═════ Supplied data

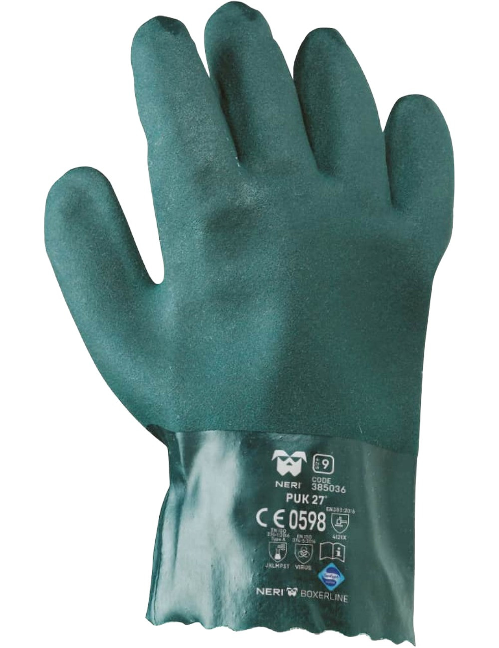 - Funcionalidades: El guante de PVC, recubierto sobre un soporte interno de algodón interlock, proporciona una buena adaptabilidad a la mano y una excelente seguridad química y mecánica.
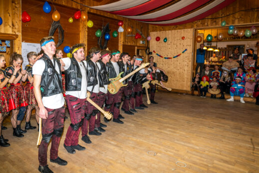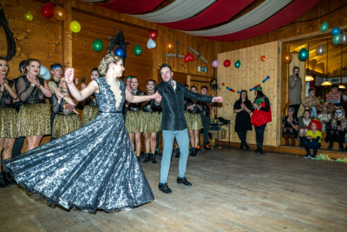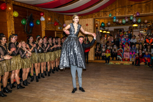 Eines der besonderen Höhepunkte war sicherlich der Auftritt der Rohrdorfer Faschingsgarde mit Prinzenpaar, Ministern und Gefolge. Ihre Majestäten Prinzessin Maxima I. „Beautiful Voice of the Highest Mountain“ und Prinz Florian II. „Rocking God of Hell Fire“ zeigten, dass sie auf der Tanzfläche eine gute Figur machen.
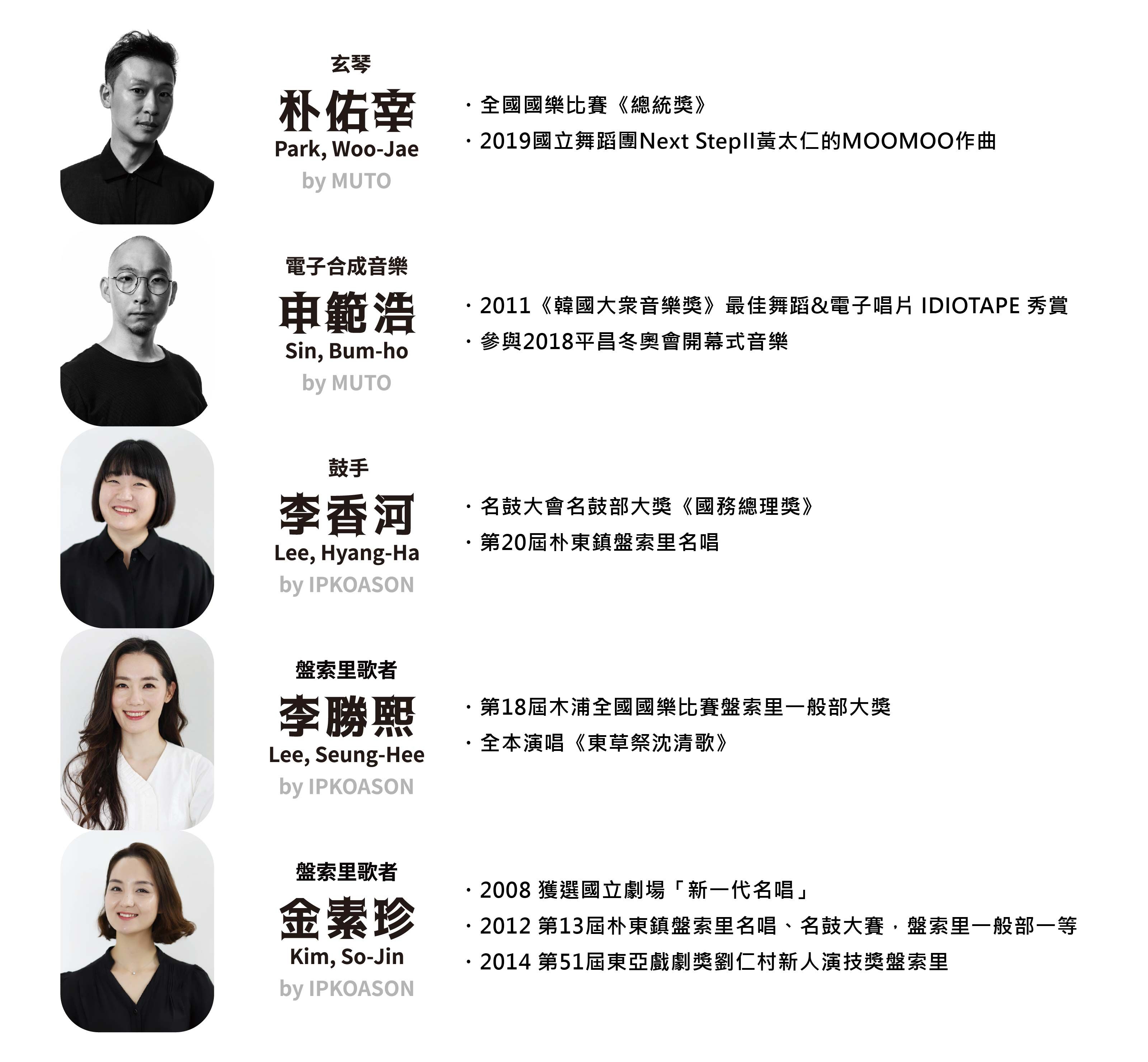 主辦單位國立亞洲文化殿堂、演出製作國立亞洲文化殿堂、演出製作MUTO、演出製作IPKOASON、主辦單位國立傳統藝術中心、演出巡迴國立亞洲文化殿堂財團、執行單位韻萊數位行銷有限公司、策畫朴序晛、演出者朴序晛、影像設計朴薰奎、演出者朴薰奎、製作人柳賢珍、演出者柳賢珍、燈光設計洪儹赫、演出者洪儹赫、燈光設計朴埈亨、演出者朴埈亨、數位製作金鍾勳、演出者金鍾勳、音響執行李知恩、演出者李知恩、音響金綵璘、演出者金綵璘、舞台執行金世訓、演出者金世訓

══════════

• What you will do
Please ensure that the data above is repeated exactly, with no pictures in the copy.

• Response box
 - Funcionalidades: El guante de PVC, recubierto sobre un soporte interno de algodón interlock, proporciona una buena adaptabilidad a la mano y una excelente seguridad química y mecánica.
 Eines der besonderen Höhepunkte war sicherlich der Auftritt der Rohrdorfer Faschingsgarde mit Prinzenpaar, Ministern und Gefolge. Ihre Majestäten Prinzessin Maxima I. „Beautiful Voice of the Highest Mountain“ und Prinz Florian II. „Rocking God of Hell Fire“ zeigten, dass sie auf der Tanzfläche eine gute Figur machen.
 主辦單位國立亞洲文化殿堂、演出製作國立亞洲文化殿堂、演出製作MUTO、演出製作IPKOASON、主辦單位國立傳統藝術中心、演出巡迴國立亞洲文化殿堂財團、執行單位韻萊數位行銷有限公司、策畫朴序晛、演出者朴序晛、影像設計朴薰奎、演出者朴薰奎、製作人柳賢珍、演出者柳賢珍、燈光設計洪儹赫、演出者洪儹赫、燈光設計朴埈亨、演出者朴埈亨、數位製作金鍾勳、演出者金鍾勳、音響執行李知恩、演出者李知恩、音響金綵璘、演出者金綵璘、舞台執行金世訓、演出者金世訓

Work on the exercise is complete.